A Health & Welfare power puts the attorney in a position where they can look after your medical and care needs. This can include accepting or refusing certain medical treatments and dealing with your specific wants and needs in how you are cared for. This is another risk factor, because if you have not created an POA you may not have a say in where you or how you live. Having to move a loved one into an assisted living arrangement can be an extremely distressing time for a family, especially if they are moving to somewhere they don’t agree with.
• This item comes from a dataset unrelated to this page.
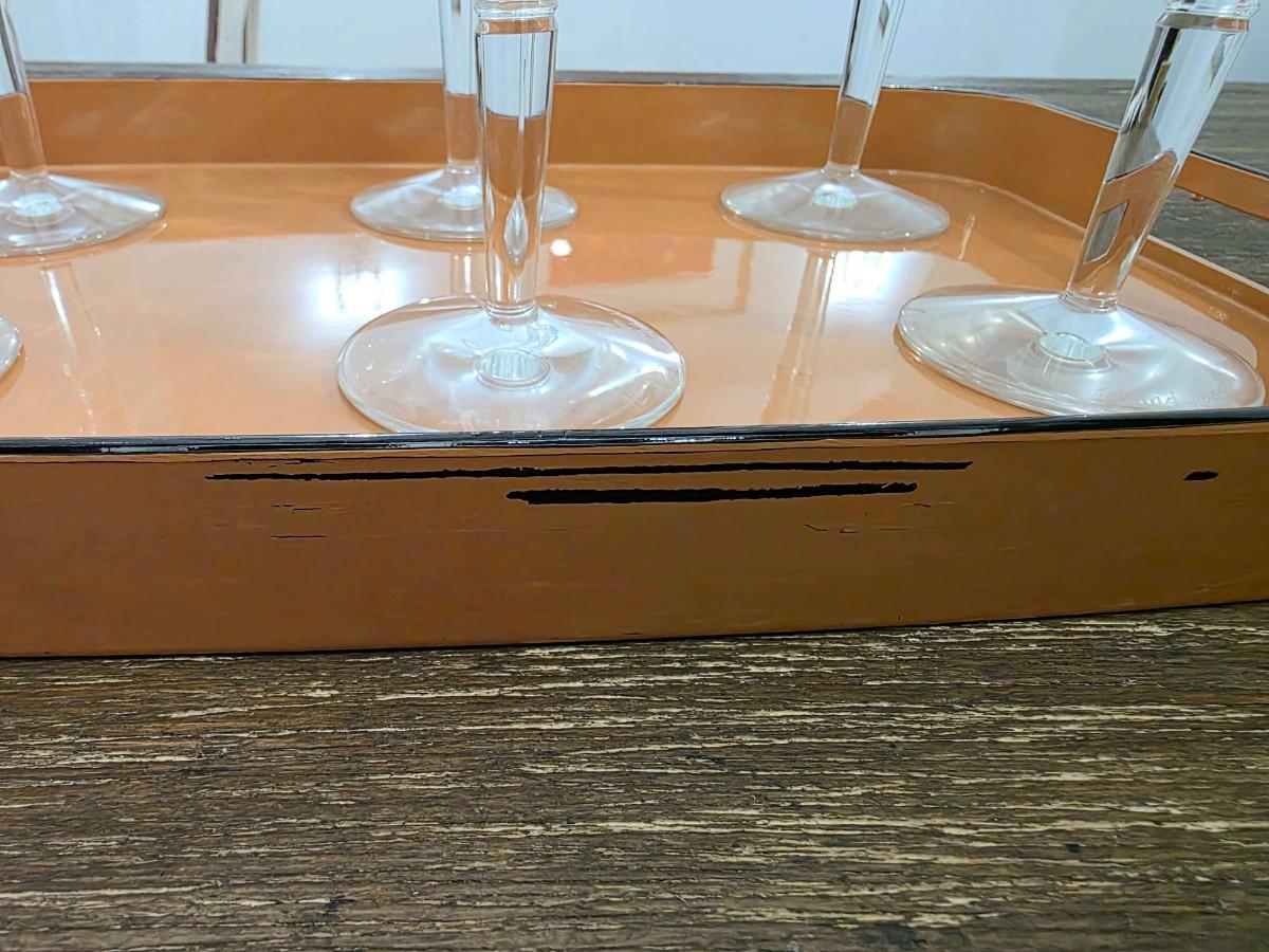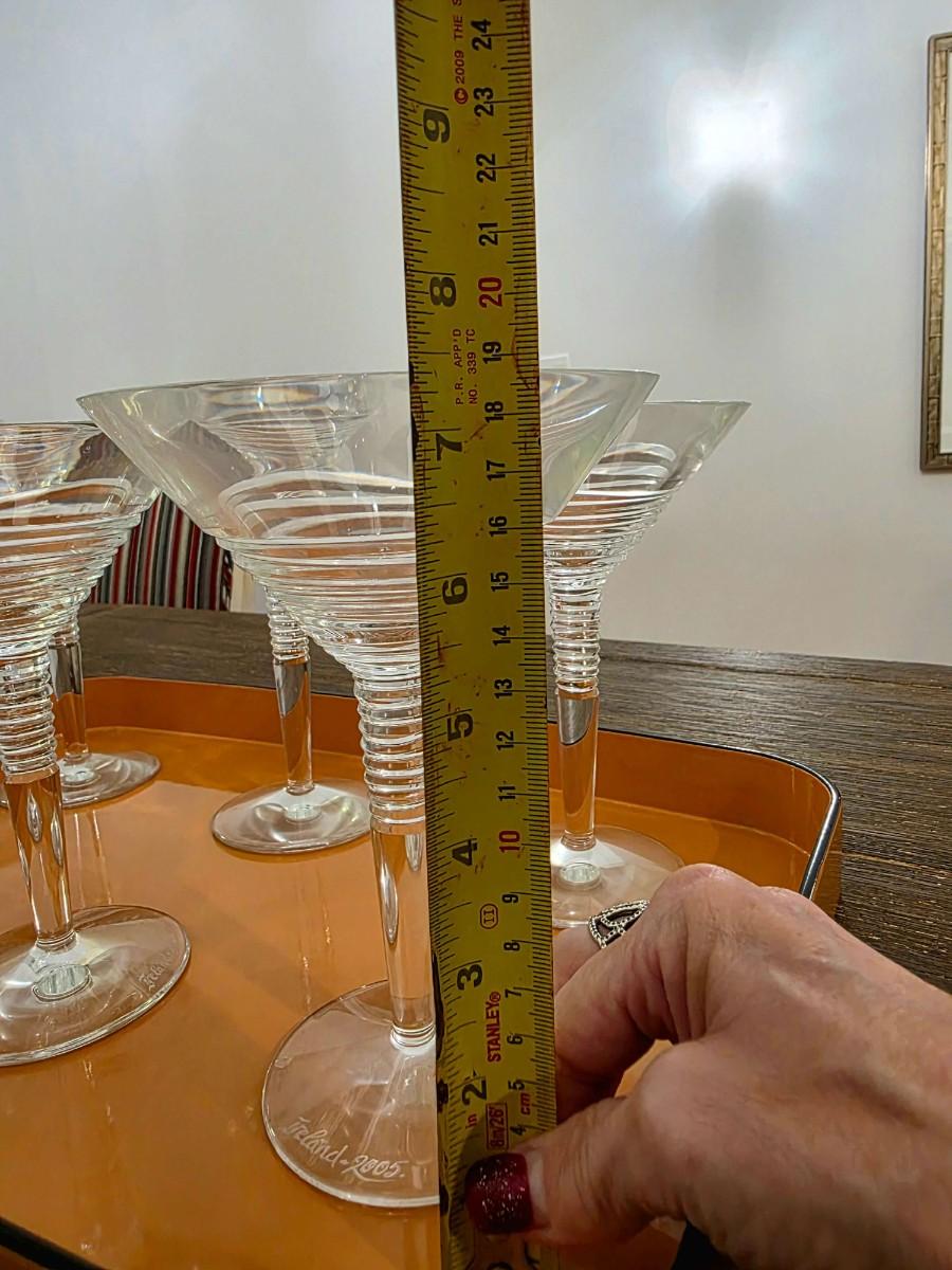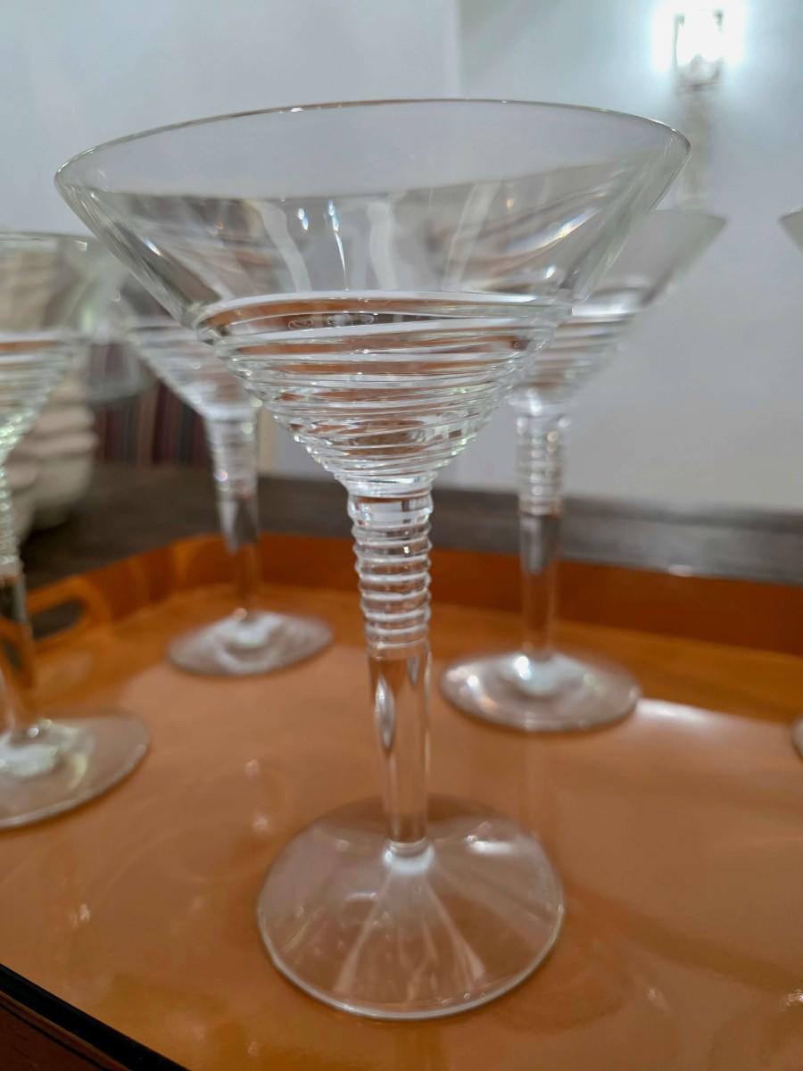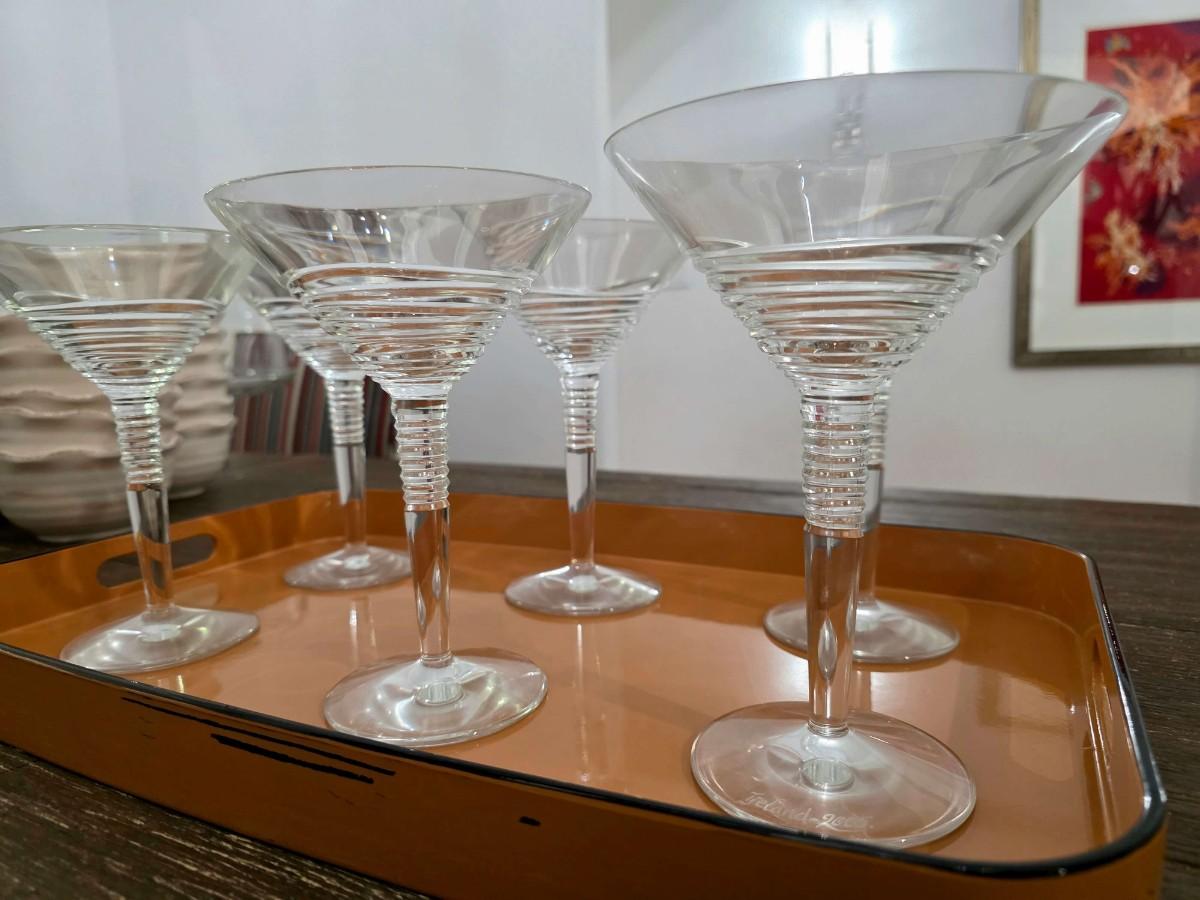 This is a lot including 6 glass martini glasses and 2 trays by Georges Briard Designs. One tray does have some scuffs. Please see pictures for close inspection. The art you may see in the background is NOT included. You are bidding on the lot meaning you must pay for and take the entire lot.

Your appointed attorney can find a care home for you and can consult with staff about your wants and needs, meaning that your affairs are not left in the hands of strangers if something unexpected happens to you. 

Property and Financial powers allow your attorney to help manage your day-to-day spending, paying bills, managing services, dealing with your bank and financial institutions, purchasing equipment such as a stairlift or any other items you may need, and can even go as far as buying and selling properties. 

The key takeaway is that these documents can allow someone you trust to make important decisions on your behalf when you cannot make them yourself and grant them the legal authority to act if needed. They can be used if you have permanently lost capacity or even if you need temporary help.

Who is involved?

They key people involved are:

The Donor: This is you – the person who giving the authority.

The Attorney: This is the person or persons who will act for you.

The Certificate Provider: This person will certify that you are of sound mind when you are granting these powers.

In Scottish cases, the Certificate Provider is a professional (usually a solicitor) but in the rest of the UK this can be someone who has known you for a least two years, but they cannot be related and cannot be an attorney.

The final word

The cost of preparing and registering these documents is significantly less expensive than going down the route of a Deputyship and they allow you and your representatives more control over your affairs. 

Each POA document has a one-off cost which can typically vary between £200-£500 depending on whether registration to the courts is included and whether you use a Solicitor directly or go to a Specialist (who are often less expensive), the cost of a Deputyship by comparison, can be thousands to set up and then have ongoing costs.

To sum up, a Lasting Power of Attorney can stop you or your family from having to endure a lot of frustration and financial difficulties and can give you peace of mind and allow you to stay in control of your affairs.